* [Instructions to follow] Starting with the line that has "Karius og Baktus." in the records below and stopping after the line that has "Faux-raffia upper. Rubber", output every line exactly and nothing else; skip pictures.

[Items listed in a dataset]

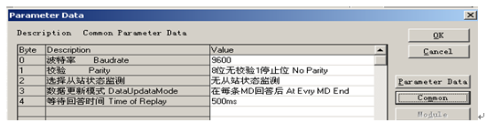下一个要注意的地方就是和MODBUS通讯接口的设置,在“Parameter Data”→“Common”菜单中可以设置,参看图3 。
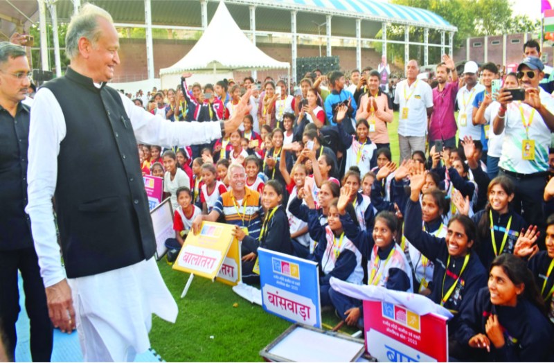 जोधपुर। मुख्यमंत्री अशोक गहलोत ने उम्मेद राजकीय स्टेडियम में प्रदेश में खेलों का महाकुंभ कहे जाने वाले राजीव गांधी ग्रामीण व शहरी ओलंपिक खेलों का राज्य स्तरीय आगाज किया। उन्होंने कहा कि खेलों में राजस्थान अब पिछड़ा नहीं, बल्कि अग्रणी राज्यों में जाना जाता है। मुख्यमंत्री गहलोत ने कहा कि खेल-खिलाड़ियों के विकास के लिए प्रदेश में खेल बजट में बढ़ोतरी की गई है। खिलाडिय़ों को सुविधाएं देने में कमी नहीं रखी है। करीब 200 खिलाड़ी आउट ऑफ टर्न नौकरी लग चुके हैं।
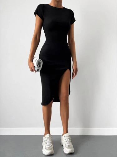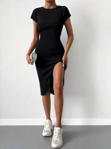 Damska sukienka na ramiączkach z krótkim rękawem i okrągłym dekoltem, z głębokim rozcięciem
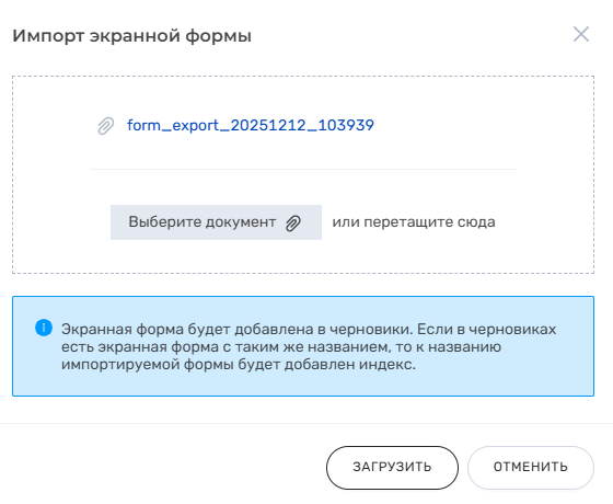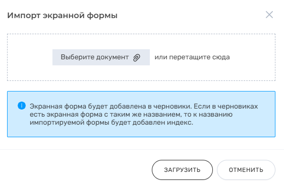 Кнопка "Импортировать экранную форму" | При нажатии откроется модальное окно "Импорт экранной формы", в которое пользователь может загрузить ранее экспортированную экранную форму (подробнее об экспорте см. в Экспорт экранной формы). Импортируемая экранная форма будет добавлена в черновики пользователя раздела "Редактор экранных форм" О том, как работает импорт см. в Импорт экранной формы. |
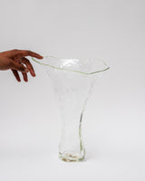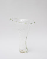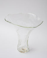 Hand blown glass vase with a blooming form. Each piece is has a unique handmade finish consistent with the nature of handmade glass work.
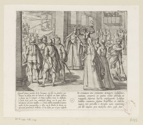 Editor: So, this etching by Antonio Tempesta is called "The Infante Gonzalo Gomez Excels at the Game and Dona Lambra Insults the Infants and Their Mother." It feels strangely theatrical, almost like a stage play unfolding. What kind of story do you think Tempesta is telling here? Curator: It's a story dripping with rivalry and scorn. I see it as Tempesta’s way of reflecting on the poisonous nature of envy and the consequences that come when social decorum breaks down. Does the woman with snakes for hair perhaps remind you of another figure in classical mythology? Editor: Medusa! Is Dona Lambra supposed to be like Medusa here? Curator: Perhaps, as Envy is breathing poisonous insults at the seven princes and their mother. This print seems to be a morality tale served up with a dash of visual drama. Editor: I didn't catch all of that before. Now I see the story he's trying to weave!
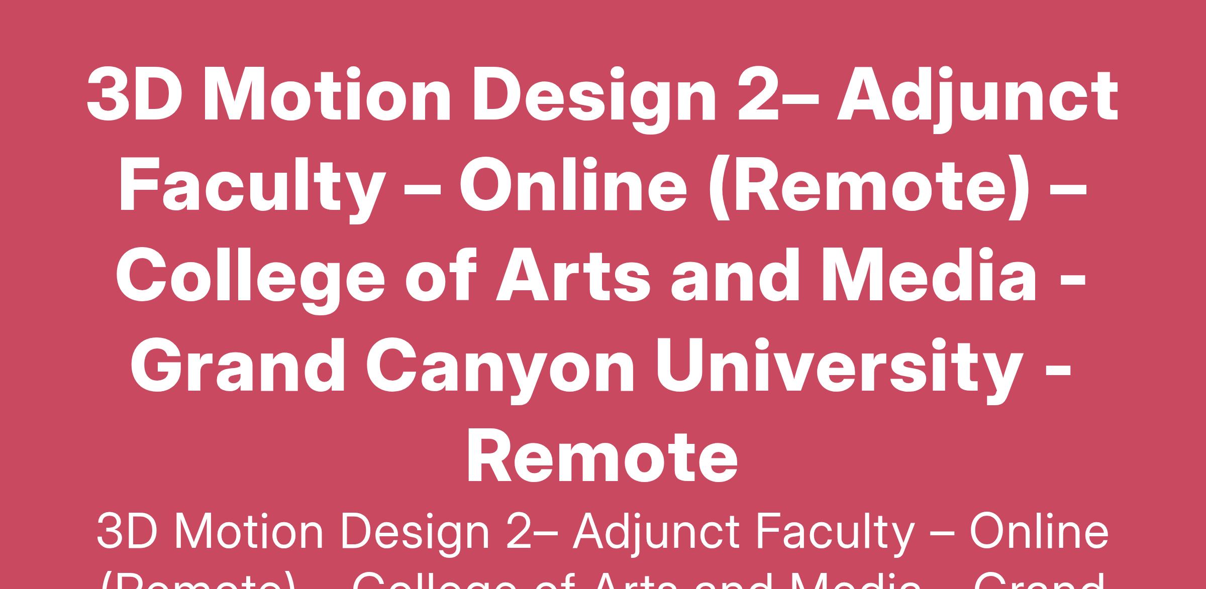 - Minimum: bachelor’s degree in animation, motion graphics, 3D modeling, graphic design, advertising, or an equivalent degree in the visual arts
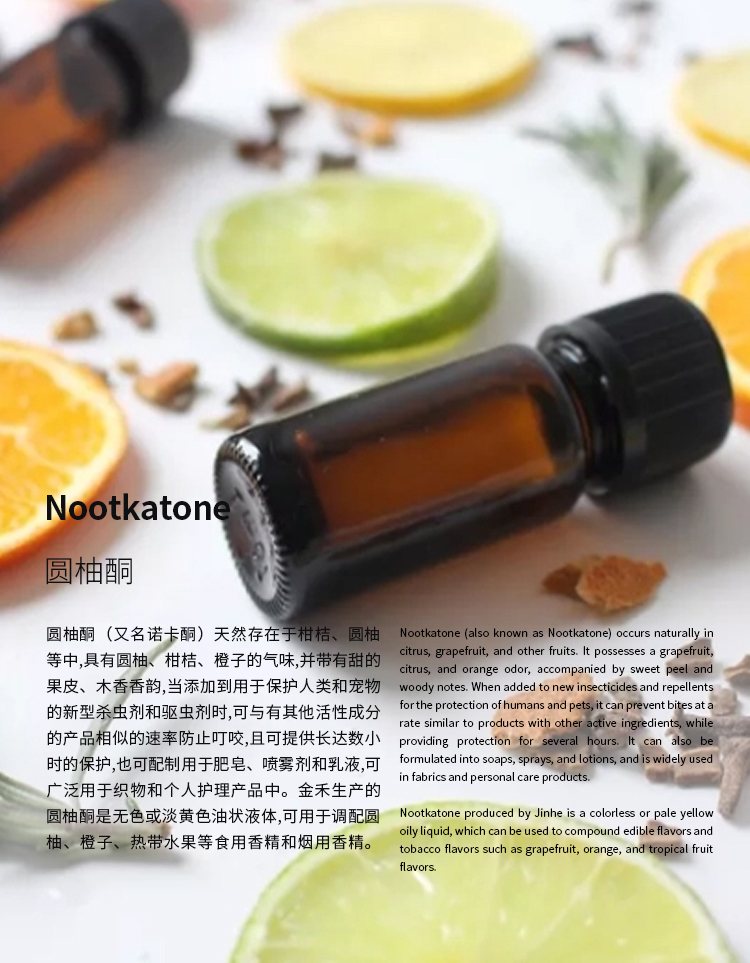 天然存在于柑桔、圆柚等中,具有圆柚、柑桔、橙子的气味,并带有甜的果皮、木香香韵,当添加到用于保护人类和宠物的新型杀虫剂和驱虫剂时,可与有其他活性成分的产品相似的速率防止叮咬,且可提供长达数小时的保护,也可配制用于肥皂、喷雾剂和乳液,可广泛用于织物和个人护理产品中。wepoker德州生产的圆柚酮是无色或淡黄色油状液体,可用于调配圆柚、橙子、热带水果等食用香精和烟用香精。
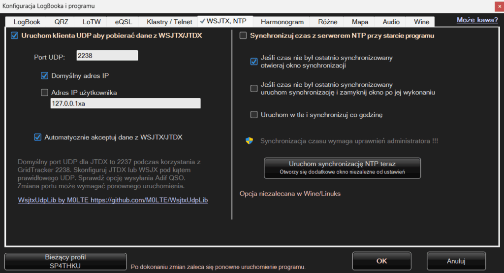 Programy typu WSJTX/JTDX obsługują cyfrowe transmisje np FT8. Mogą one automatycznie wysyłać dane do takich programów jak ten LogBook a łączności mogą się automatycznie zapisywać w Logu. Konfiguracja jest prosta. Po wejściu do konfiguracji szukamy zakładki WSJTX,NTP
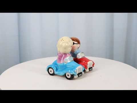 • This Kissing Couple In Their Colorful Cars Salt & Pepper Shakers set is made of high quality glossy ceramic, hand painted and polished individually.
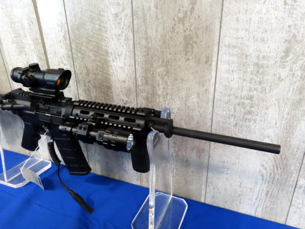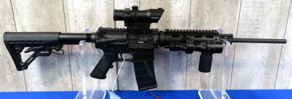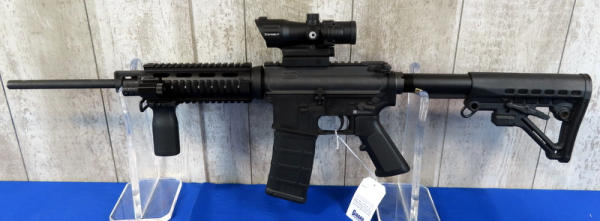 like new; 16.5" BBL; 1/9 twist; Barska Optic, flash light, front pistol grip, extendable stock, laser sight & one magazine! Made in USA; SN#BK3003960; AR-Terms
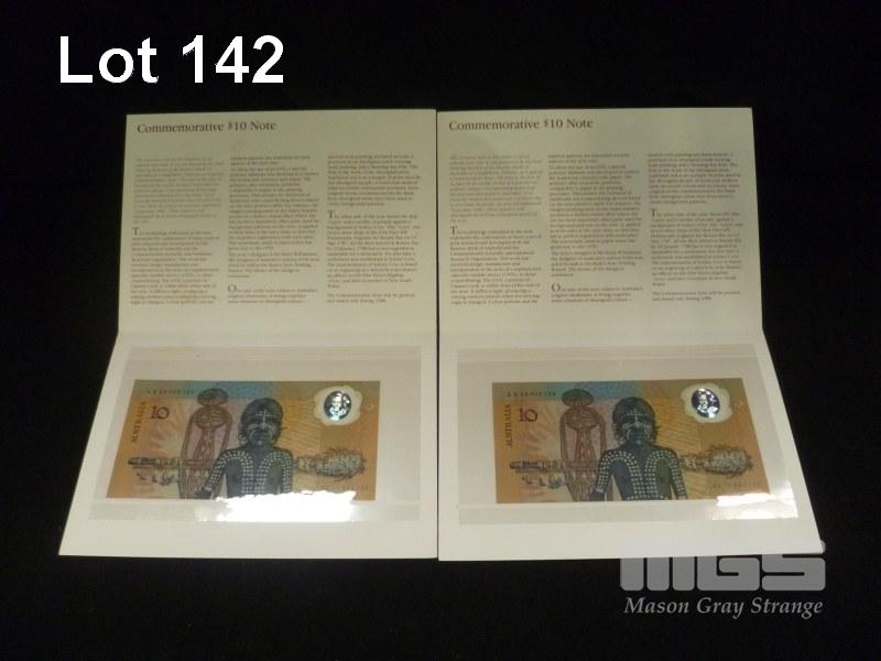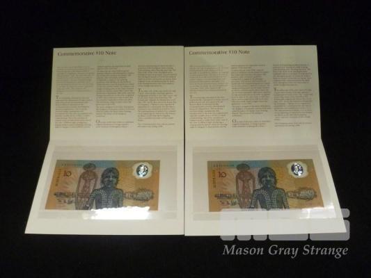 1988 2 x $10.00 NOTE COMMEMORATIVE CONSECUTIVE IN FOLDER UNC
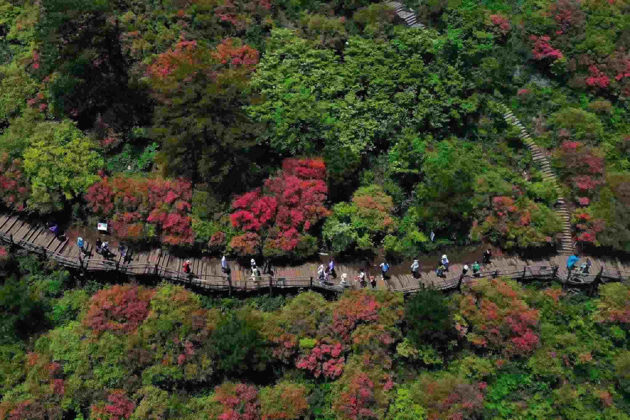 2023年5月5日,湖北黃岡,龜峰山杜鵑花綻放。視覺中國(guó)
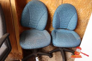2 x BLUE MOTTLE FABRIC COVERED OFFICE CHAIRS
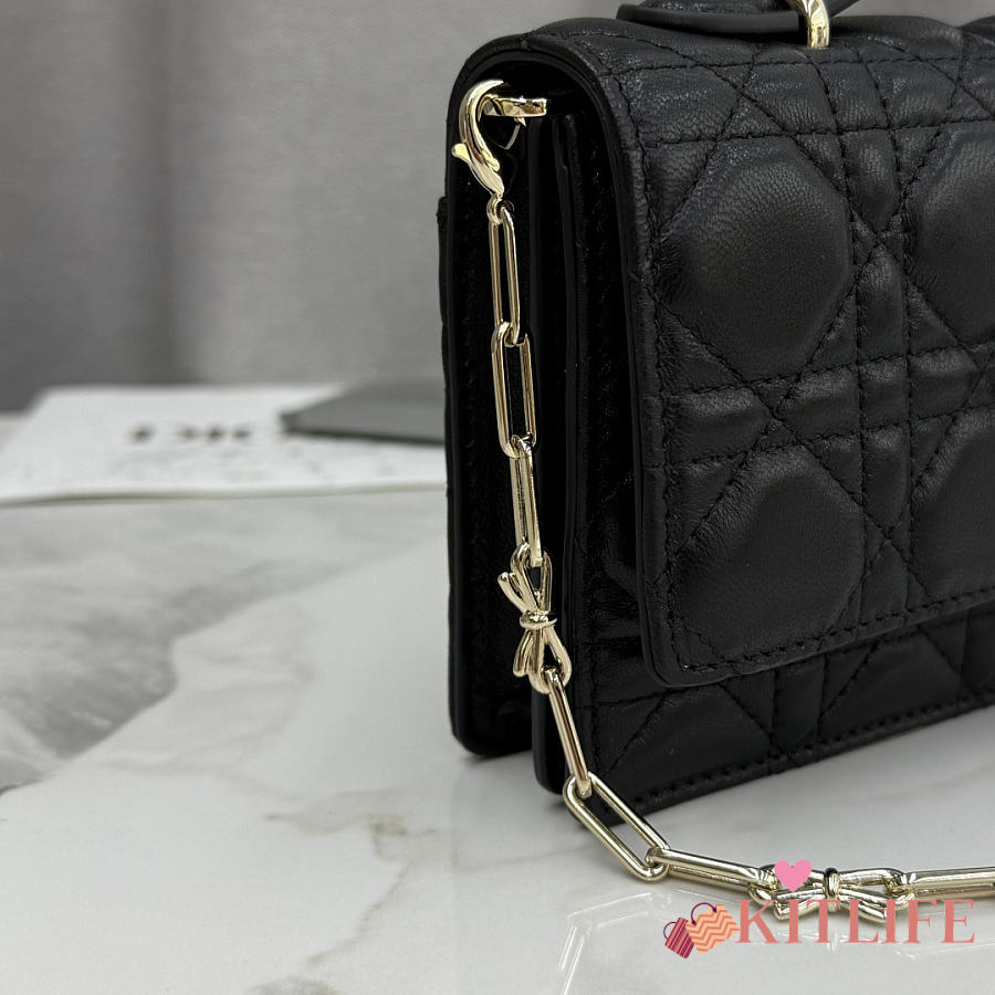 Kitlife Dior Lady Top Handle Black Bag - 25x17x9cm
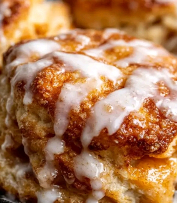 Whisk together powdered sugar, milk, and cinnamon. Drizzle over warm biscuits before serving.
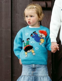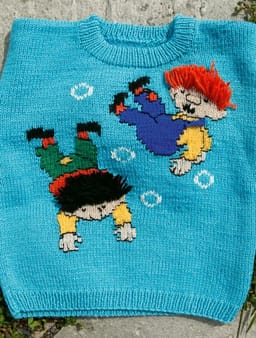 Karius og Baktus. Her er det garnmengde til genser som er beregnet. De øvrige fargene i Pt som er brukt er : 502, 512, 536, 504, 588, 515, 526 og 572. De fargene er i de broderte motivene på genseren.
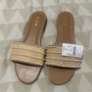 Faux-raffia upper. Rubber outsole. Man-made sole. Product Details - Imported. Select stores. Item BN877. Defect in beading
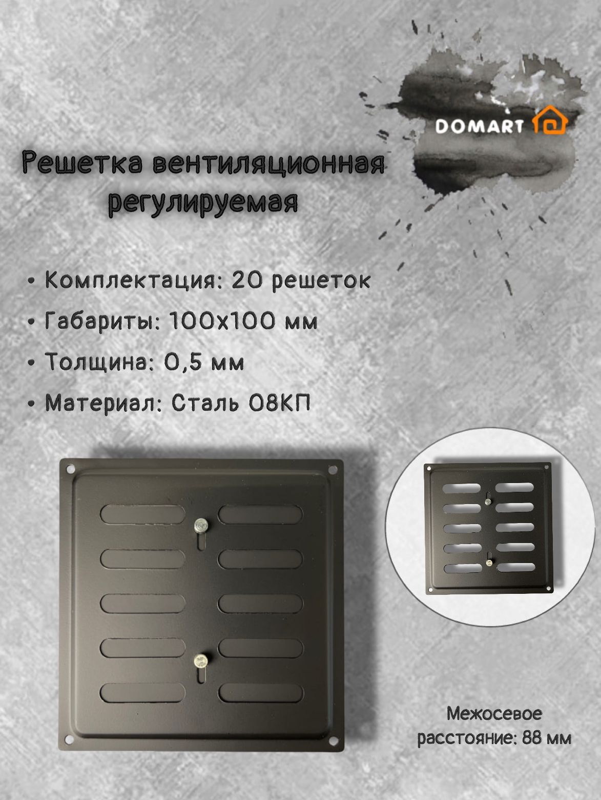 Вентиляционная решетка металлическая, решетка для вентиляции регулируемая 100х100, комплект 20 шт черная: сравнение цен, характеристики, фото, актуальное наличие и цены.
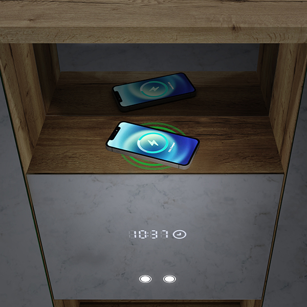Nézze meg a további kényelmi lehetőségeket – az induktív töltő hatékonyan tölti az okostelefont, az elektromos csatlakozóaljzat pedig kényelmes helyet biztosít a hajszárító csatlakoztatásához.
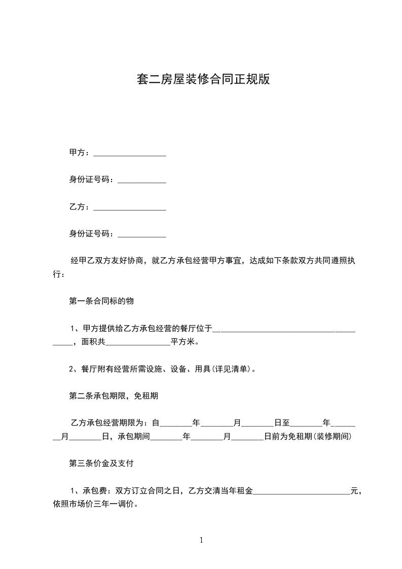 1、承包费:双方订立合同之日,乙方交清当年租金________________________元,依照市场价三年一调价。

* [Written answer]
 Karius og Baktus. Her er det garnmengde til genser som er beregnet. De øvrige fargene i Pt som er brukt er : 502, 512, 536, 504, 588, 515, 526 og 572. De fargene er i de broderte motivene på genseren.
 Faux-raffia upper. Rubber outsole. Man-made sole. Product Details - Imported. Select stores. Item BN877. Defect in beading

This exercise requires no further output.